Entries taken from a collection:
--- START ---

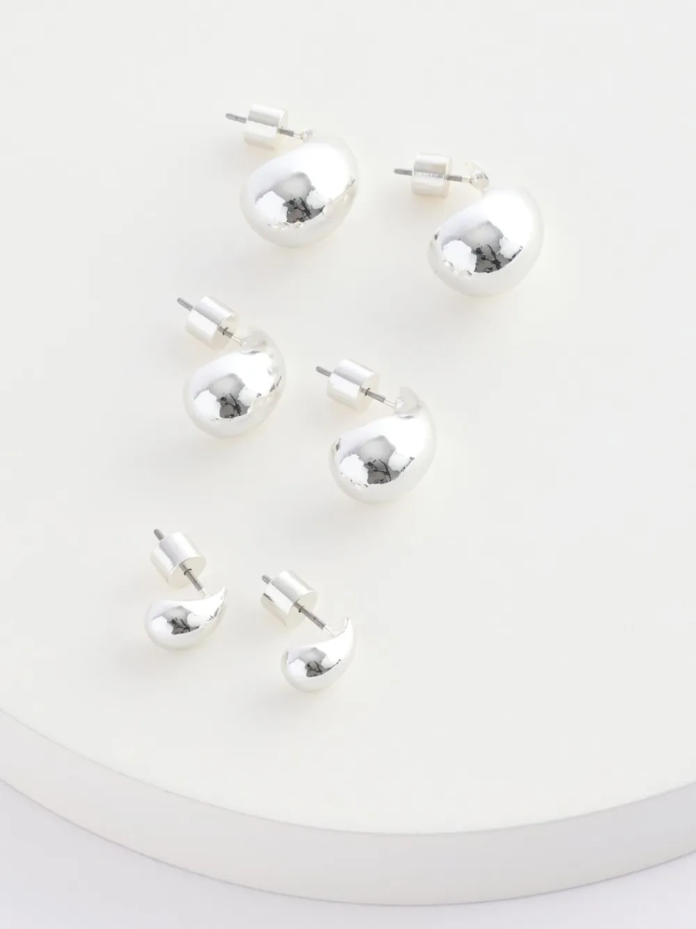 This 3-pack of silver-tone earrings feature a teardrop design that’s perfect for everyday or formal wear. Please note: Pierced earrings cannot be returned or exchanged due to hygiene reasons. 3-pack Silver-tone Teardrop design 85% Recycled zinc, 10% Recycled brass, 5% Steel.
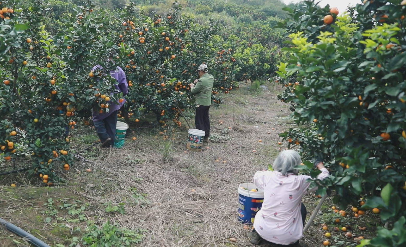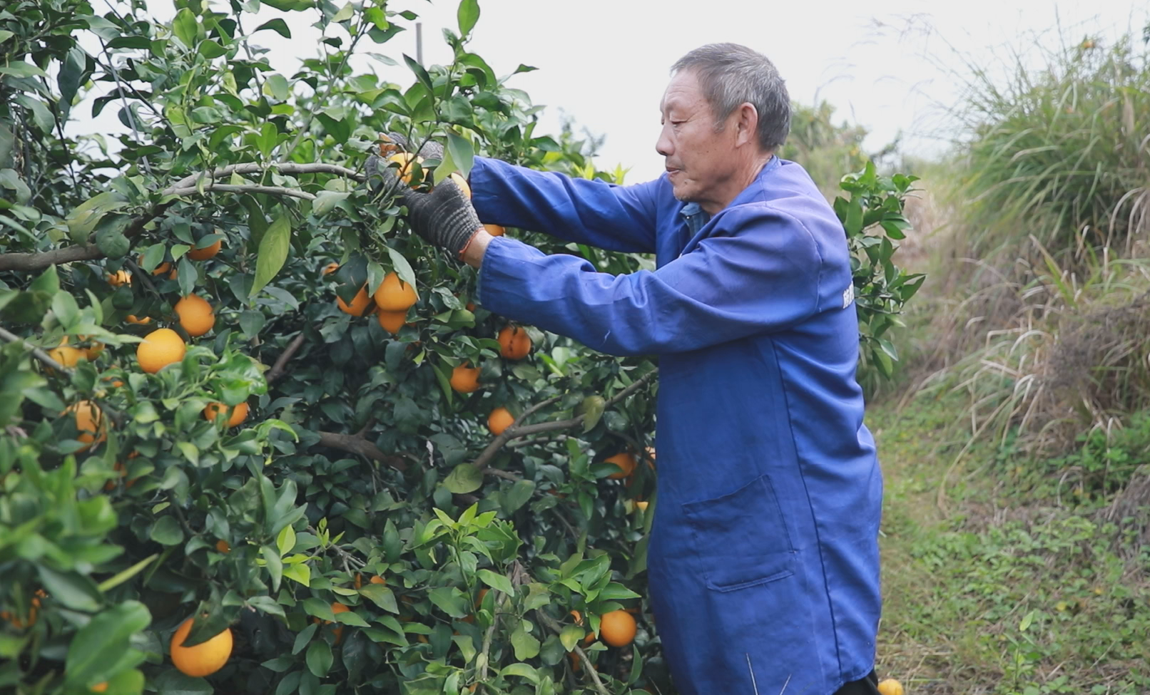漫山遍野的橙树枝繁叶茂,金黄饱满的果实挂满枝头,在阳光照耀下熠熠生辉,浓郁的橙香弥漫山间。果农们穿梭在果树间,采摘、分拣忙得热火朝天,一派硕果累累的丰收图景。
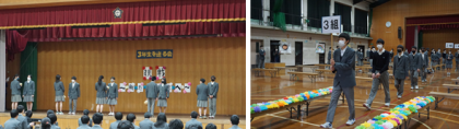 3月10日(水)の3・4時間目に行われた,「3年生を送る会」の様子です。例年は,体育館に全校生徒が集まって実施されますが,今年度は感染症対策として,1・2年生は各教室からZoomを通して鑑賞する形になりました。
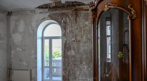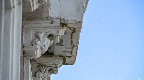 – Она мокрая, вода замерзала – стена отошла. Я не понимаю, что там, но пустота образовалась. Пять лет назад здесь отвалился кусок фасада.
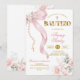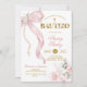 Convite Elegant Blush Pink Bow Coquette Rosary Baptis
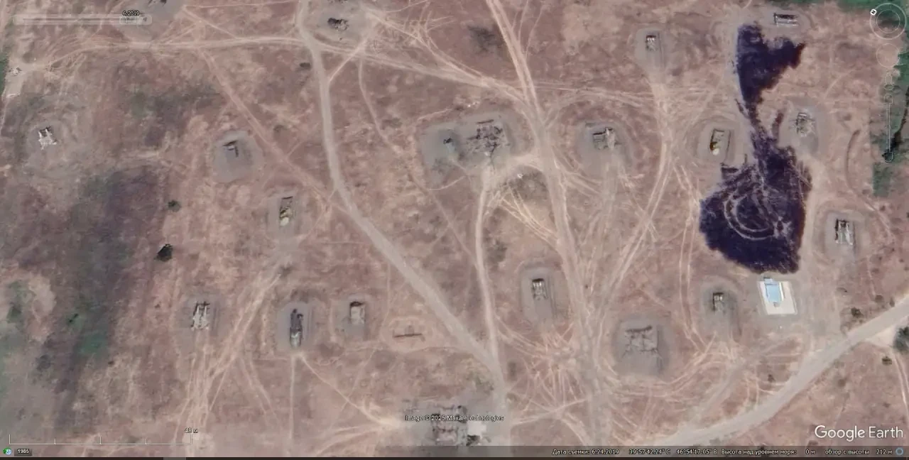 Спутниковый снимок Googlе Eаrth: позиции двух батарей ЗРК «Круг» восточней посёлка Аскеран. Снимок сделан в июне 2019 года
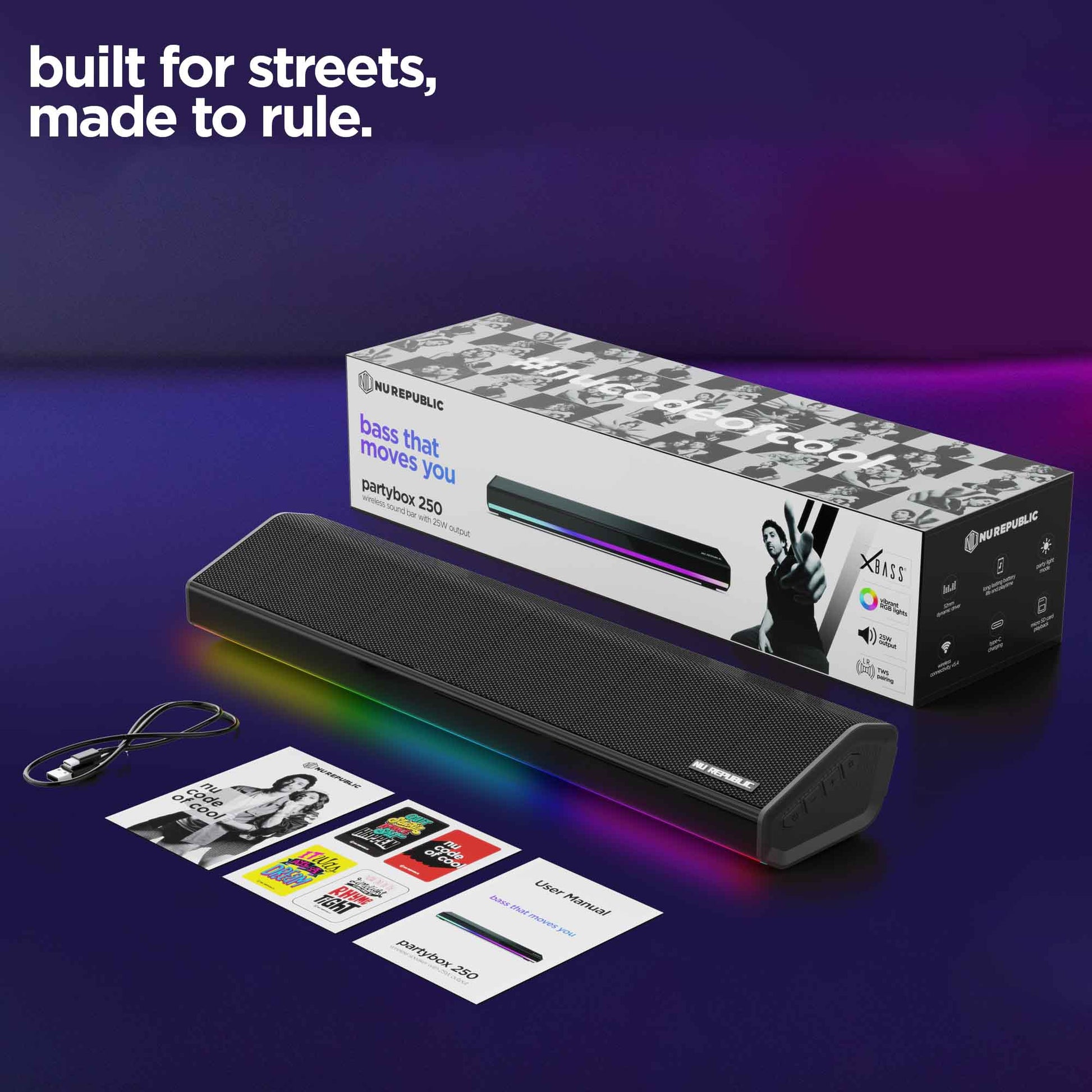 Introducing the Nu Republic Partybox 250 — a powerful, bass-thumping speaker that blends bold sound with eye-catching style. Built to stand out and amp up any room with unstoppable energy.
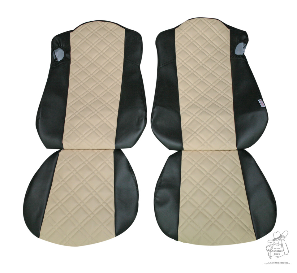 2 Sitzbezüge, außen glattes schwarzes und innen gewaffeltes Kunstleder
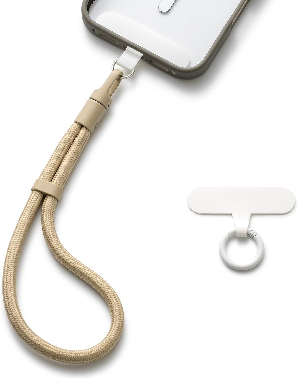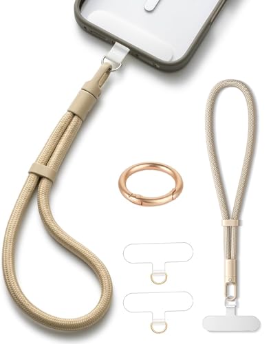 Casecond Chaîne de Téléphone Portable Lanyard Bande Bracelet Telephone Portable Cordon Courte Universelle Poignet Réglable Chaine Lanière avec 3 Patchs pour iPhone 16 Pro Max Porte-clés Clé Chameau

--- END ---

- Exercise instructions -
Would you return the records exactly, keeping out every picture?

- Task solution -
 This 3-pack of silver-tone earrings feature a teardrop design that’s perfect for everyday or formal wear. Please note: Pierced earrings cannot be returned or exchanged due to hygiene reasons. 3-pack Silver-tone Teardrop design 85% Recycled zinc, 10% Recycled brass, 5% Steel.
漫山遍野的橙树枝繁叶茂,金黄饱满的果实挂满枝头,在阳光照耀下熠熠生辉,浓郁的橙香弥漫山间。果农们穿梭在果树间,采摘、分拣忙得热火朝天,一派硕果累累的丰收图景。
 3月10日(水)の3・4時間目に行われた,「3年生を送る会」の様子です。例年は,体育館に全校生徒が集まって実施されますが,今年度は感染症対策として,1・2年生は各教室からZoomを通して鑑賞する形になりました。
 – Она мокрая, вода замерзала – стена отошла. Я не понимаю, что там, но пустота образовалась. Пять лет назад здесь отвалился кусок фасада.
 Convite Elegant Blush Pink Bow Coquette Rosary Baptis
 Спутниковый снимок Googlе Eаrth: позиции двух батарей ЗРК «Круг» восточней посёлка Аскеран. Снимок сделан в июне 2019 года
 Introducing the Nu Republic Partybox 250 — a powerful, bass-thumping speaker that blends bold sound with eye-catching style. Built to stand out and amp up any room with unstoppable energy.
 2 Sitzbezüge, außen glattes schwarzes und innen gewaffeltes Kunstleder
 Casecond Chaîne de Téléphone Portable Lanyard Bande Bracelet Telephone Portable Cordon Courte Universelle Poignet Réglable Chaine Lanière avec 3 Patchs pour iPhone 16 Pro Max Porte-clés Clé Chameau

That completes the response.